I'd really like to have a go at one, and as they need high humidity, figure it'd be clever?

Yeah, facts, opinions, picture, experience, post up peoples :2thumb:


----------



## Morgan Freeman (Jan 14, 2009)

No idea, but I really want to set up a paludarium. I've heard killfish go well.


----------



## Rosstafarii (Jan 13, 2009)

Yeah, i think it'd just look really good :/

I might set up an empty tank and get the three levels all alive and running then introduce animals and see how it works.
Don't really know how o do it all though


----------



## Morgan Freeman (Jan 14, 2009)

Google image search paludarium there's some mad ones!


----------



## Rosstafarii (Jan 13, 2009)

they are mad.

I'm thinking of getting an exo terra and doing it, as i figure they'd be good for it.

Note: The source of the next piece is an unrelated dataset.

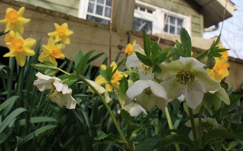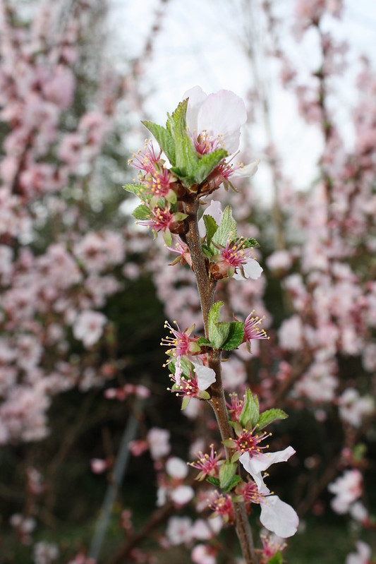 I used colors in this striped warp design that I saw out the studio door and window: the red Nanking cherry tree in blossom, the bare trees just beginning to leaf out, the violets, and the blue jay flying past every few minutes. The stripe design was fairly random, using the Fibonacci sequence of numbers for balance, but I balanced it further by adding a symmetrical design of larger stripes in between the randomness. I’ll post a photo if I ever get the damned thing warped so you’ll see what I mean.

Then just put a crestie in and see how that does, then some frogs and fish and such


----------



## Morgan Freeman (Jan 14, 2009)

Would advise against frogs!


----------



## Rosstafarii (Jan 13, 2009)

I hear they eat everything.
And get eaten.
So you're probably right


----------



## arthur cooke (Jan 22, 2008)

It's not much different to a naturalistic viv, my viv's have a large pond and waterfall.
I don't think that you should exclude all frogs, it would depend on what else was in the water part.
cheers arthur


----------



## Rosstafarii (Jan 13, 2009)

How did you make the pond and waterfall?
When i tried the water just want black. lol.


----------



## axorozzas (Aug 16, 2008)

Hi, I'm planning on making a paludarium for day geckos too. Seems a bit more complex than yours but you might find some of the information helpful http://www.reptileforums.co.uk/habitat/289480-gerbilarium-paludarium.html

Not much going on at the moment but I'll be keeping it posted.

Good luck with yours! maybe we can compare results: victory:


----------